Il Giudice delegato,

sciogliendo la riserva incamerata all’udienza del 10.04.17;

vista l’integrità del contraddittorio e letti gli atti;

rilevato  che la parte ricorrente ha attivato il procedimento in parola esplicitamente ed esclusivamente a fini conciliativi ex art. 696 bis c.p.c., il che esonora il Giudice delegato   a verificare l’esistenza dei presupposti del periculum in mora;

che, in punto di ammissibilità, questo Tribunale aderisce all’orientamento per cui la consulenza tecnica preventiva di cui all'art. 696 bis c.p.c. è nella sostanza uno strumento alternativo di risoluzione della controversia  a  scopo  deflattivo  del  contenzioso  civile  e  con  fini,  dunque,  espressamente  e primariamente conciliativi più che di cautela, di talché l'espletamento di tale consulenza tecnica, in via preventiva, può essere richiesto anche al di fuori delle condizioni di cui al comma 1 dell'art. 696 c.p.c., ai fini dell'accertamento e della relativa determinazione dei crediti derivanti dalla mancata o inesatta esecuzione di obbligazioni contrattuali o da fatto illecito. Stante la citata funzione deflattivo-conciliativa dell'istituto non sono consentite interpretazioni eccessivamente restrittive e valutazioni formalistiche, salvo il caso in cui la possibilità conciliativa sia totalmente da escludersi, come quando vi sia una contestazione radicale non già della responsabilità ma del rapporto da cui trarrebbe origine il credito da accertare; in tali casi, infatti, mancherebbe qualsivoglia punto di partenza per l'ipotesi di conciliazione e la consulenza preventiva rischierebbe di essere meramente esplorativa, volta alla precostituzione di un mezzo di prova al di fuori del requisito del periculum e non già ad evitare il giudizio di merito (Tribunale Busto Arsizio, 25/05/2010);

che va, altresì, osservato che allo stesso modo, il fatto che le posizioni delle parti appaiano "ab initio"

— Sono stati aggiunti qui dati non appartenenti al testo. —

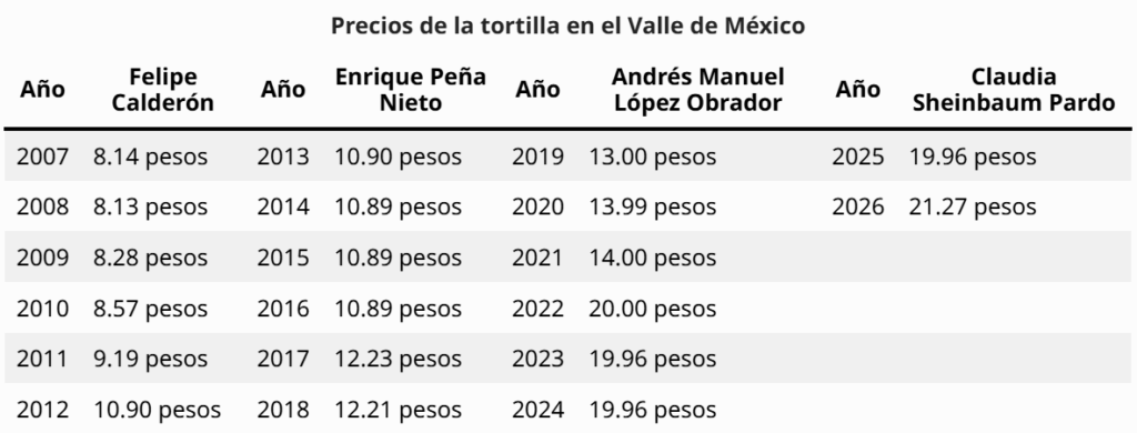 El precio del kilo de tortilla subió más de 63% en términos nominales en el Valle de México durante el gobierno de Andrés Manuel López Obrador y en lo que lleva el de Claudia Sheinbaum.

distanti e discordi non sembra poter costituire valida ragione per rigettare in via immediata il ricorso: anche perché l'art.696 bis c.p.c. non ha affatto indicato la ragionevole possibilità di raggiungere un accordo tra i presupposti della consulenza tecnica preventiva” (Tribunale Palmi, 25/01/2011); considerato che nel caso di specie – a parte i rilievi in ordine alla formulazione del quesito di cui infra – non appaiono allo stato rilevanti le eccezioni di merito formulate dalla compagnia che necessitano di ulteriori  approfondimenti  nel  giudizio  in  caso  di  mancato  buon  esito  della  presente  procedura conciliativa;

tutto ciò premesso, ritenuta l’ammissibilità del rimedio anche a fronte delle contestazioni sollevate dalla

parte resistente in ordine all’an della pretesa

DICHIARA

Ammissibile l’accertamento tecnico preventivo e

NOMINA

CTU il Geom. ______con studio in ______alla Via ______n. 10  affinchè, previo sopralluogo presso i luoghi di causa, e descrizione grafica e fotografica degli stessi, tenuto conto anche della stima effettuata in via stragiudiziale eseguita a cura della compagnia e compatibilmente con il tempo decorso dal fatto, stimi all’attualità i danni occorsi alla struttura del ricorrente ed ai prodotti

 

agricoli ivi conservati al momento dell’incendio, chiarendo, altresì, se vi siano elementi per ritenere l’incendio di natura dolosa.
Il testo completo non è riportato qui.